Markets gains. Market action during the month reflected this state of affairs. On the whole, U.S. markets were up. Both the Nasdaq and S&P 500 were up significantly in June, and all three major U.S. indices (including the Dow) were up significantly year-to-date. Markets have hit multiple all-time highs this year even as they continued to move higher. We have seen the same thing abroad. Both developed and emerging markets were up for the second quarter and the year so far, although by less than the U.S. markets. The pandemic has done real damage worldwide, but we can also see that the healing has started.

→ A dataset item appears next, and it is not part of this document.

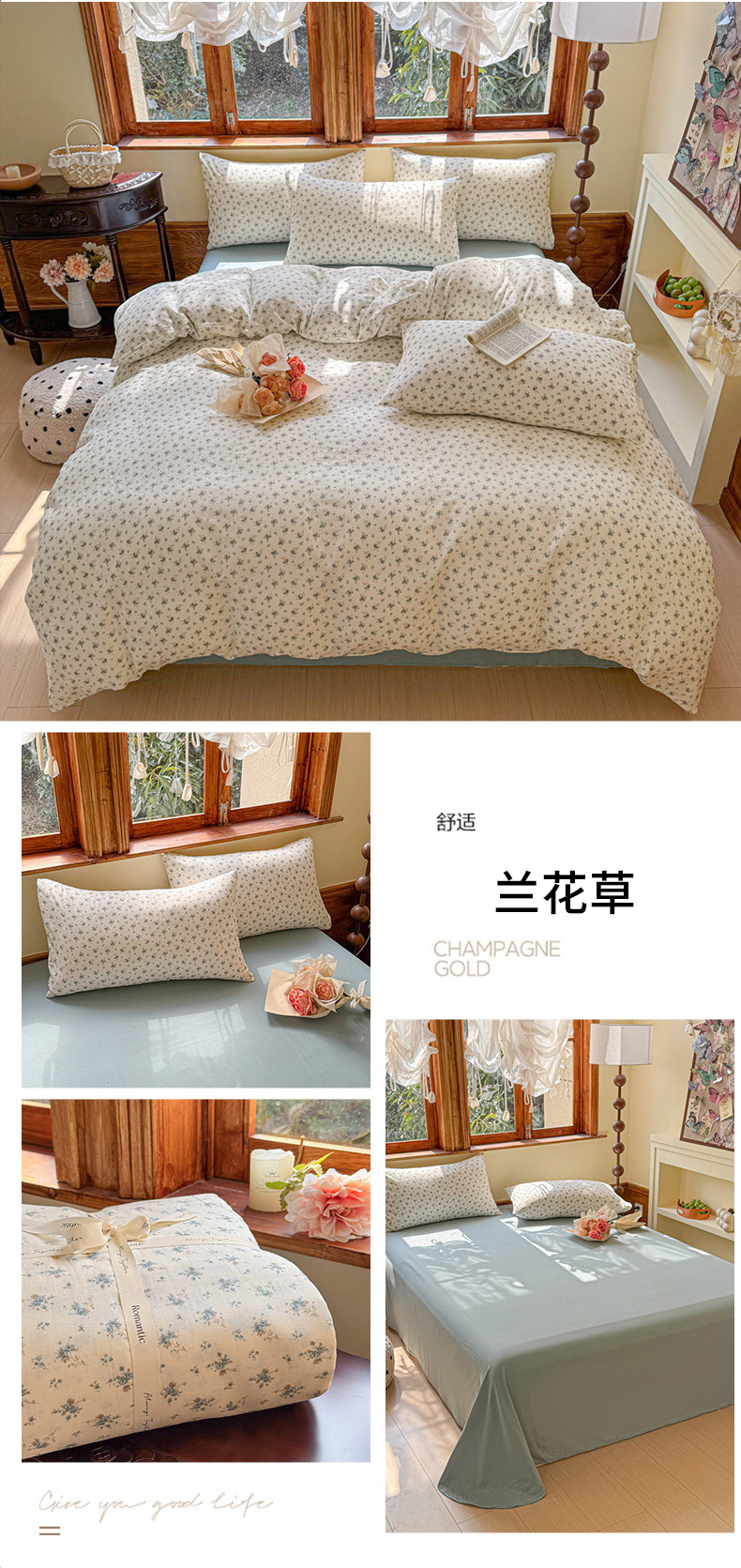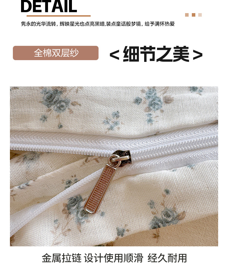 商品名称:雪夫人 2025新款A类全棉有氧双层纱四件套 兰花草
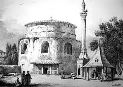 Der im Jahr 306 nach Christus als Kultbau der Kabiren oder des Zeus[2] oder als Mausoleum für den Tetrarchen Galerius errichtete Rundbau (Rotunde), dessen Innenwände ursprünglich mit einer Scheinarchitektur aus Marmor verblendet waren[3], besitzt eine 29,80 Meter hohe, von einem Okulus unterbrochene flache Kuppel aus Ziegelmauerwerk, mit einem Innendurchmesser von 24,50 Metern, bei der es sich zur Zeit der Erbauung um die weltgrößte Ziegelkuppel handelte. Die Stärke der von sechs Fenstern durchbrochenen Wände beträgt 6,30 Meter.

A story of recovery. Looking back, the story of the year so far has been of recovery and healing. June marked the substantial completion of that process in the U.S. Our state economies are almost entirely reopened. July will mark the start of the next phase of the recovery, as the pandemic and economy move closer to normal.

Slower Improvement Ahead?

Pandemic progress. Regarding the pandemic, the numbers have largely stopped getting better because case growth stabilized at the end of June and the start of July. Moreover, as more contagious variants spread throughout the U.S., we may be looking forward to new flare-ups of the virus in some locations. Another national wave of infections is unlikely, but areas with low vaccination rates could well face local health crises. Overall, the pandemic is likely to remain a risk across the country, although not for the country as a whole. The country can operate at the current levels of infections, and even somewhat higher, and will continue to do so. The pandemic will not go away, but it will be normalized over time just as the flu has been.

Economic progress. In general, economic conditions have improved significantly. But, as with the pandemic, the rate of improvement is likely to slow as we approach normal and the statistics get closer to pre-pandemic levels. Consumer confidence, for example, is now at or above the levels we saw before the pandemic started. But business confidence has pulled back from the peaks seen in recent months. This scenario reflects the replacement of optimism with realism, as our attention shifts from the end of the pandemic to the usual problems. News reports, for example, are now about inflation and supply chain problems, rather than pandemic improvements. This trend is a necessary part of our transition to normal. Nonetheless, it signals that improvement will be slower through July and the rest of the year.

Labor market. The one exception to the trend of slowing improvement is likely to be the labor market. While unemployment remains high, job growth is healthy and will probably remain so. As wages rise, more and more people will be drawn back into the labor market. That will help keep confidence and growth high. We will see slower growth, yes, but we will still see growth. Jobs will be one area where we can expect sustained improvements.

Upside potential. Despite the general slowing of the economic improvement, there are reasons we could get faster growth. As the rest of the world catches up, foreign demand will help the U.S. economy. It seems very likely that we will get large amounts of federal infrastructure spending, which will serve as a tailwind. And the Fed remains committed to low interest rates, which will put a foundation under both growth and the financial markets. All these factors point to significant upside potential.

Negative Headlines Signal Return to Normal

Looking back, in the first half of the year we saw the end—from an economic perspective—of the pandemic. In June, in particular, we started to move back to normal, as worries about the economy replaced worries about the pandemic. Although the economic worries are real, they are a sign that the country is moving back to normal. As such, we can now afford to worry about normal things.

Looking forward to the rest of the year, our normal will include some worries, but it will likely also include continued hiring and continued growth. Normal, here in the U.S., means more jobs, more growth, and higher markets. Not every month, or even every year, but over time. 

Expect the negative headlines, but welcome them as a sign that things are back to normal. We will be able to worry about things other than the pandemic. Even as the worrisome headlines hit, remember that the underlying trends remain positive. We are moving closer to normal every day.